Elements that can move and change positions in the genome.
62
What are the two major classes of transposable elements?
* Retrotransposon (class 1) * DNA transposon (class 2).
63
What is structural annotation?
The process of mapping genes to the whole genome sequence using automated pipelines and databases.
64
What is a pangenome?
The full set of genomic elements in a species, representing all genetic diversity.
65
What are structural variants?
Copy number and chromosomal rearrangements (inversions, insertions, deletions, duplications) in large segments of DNA.
66
What is a monophyletic group?
A clade that unites all descendants of a common ancestor.
67
What is a paraphyletic group?
A group that includes an ancestor but not all of its descendants.
68
What is a polyphyletic group?
A group where taxa do not share an immediate common ancestor.
69
What are some challenges in phylogenomics?
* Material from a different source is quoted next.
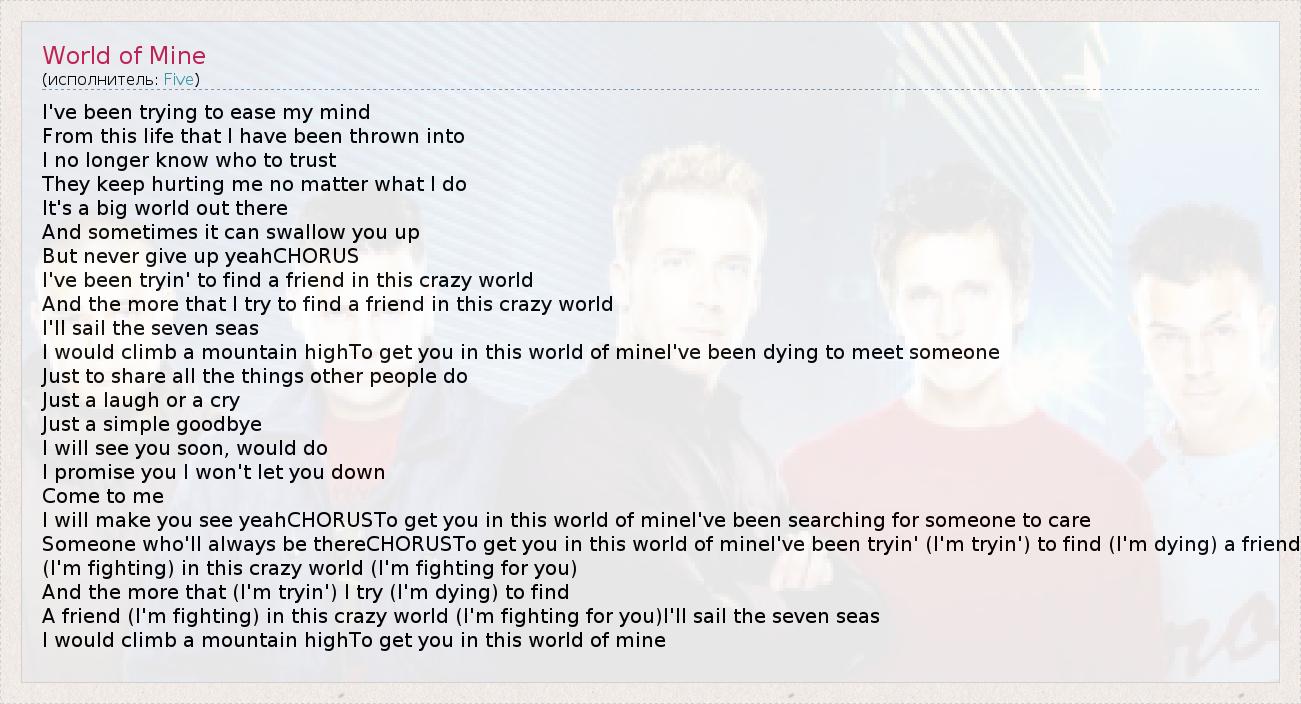 Someone who'll always be thereCHORUSTo get you in this world of mineI've been tryin' (I'm tryin') to find (I'm dying) a friend

* Amount of missing data * Gene tree discordance * Long-branch attraction. * Site heterogeneity. * Compositional heterogeneity. * Computational limitations.
70
What are epigenetic modifications?
Changes that affect gene expression without altering the DNA sequence.
71
What is DNA methylation?
A chemical modification to DNA that can inhibit gene transcription.
72
What is the purpose of bisulfite sequencing?
To identify methylated sites in a genome.
73
What do Blobplots represent?
Taxon-annotated GC-coverage plots used to filter assemblies from contamination.
74
What are Hi-C maps used for?
To illustrate the physical proximity of chromosomes and their connections within the cell.
75
What is the role of KEGG in genomics?
To provide a database for gene annotation and metabolic pathway information.
76
What do synteny plots compare?
Chromosome correspondence and syntenic equivalence across distantly related species.
77
What is indicated by a heat map with red and blue colors?
Red indicates high-expression (up-regulated) and blue indicates low-expression (down-regulated) genes.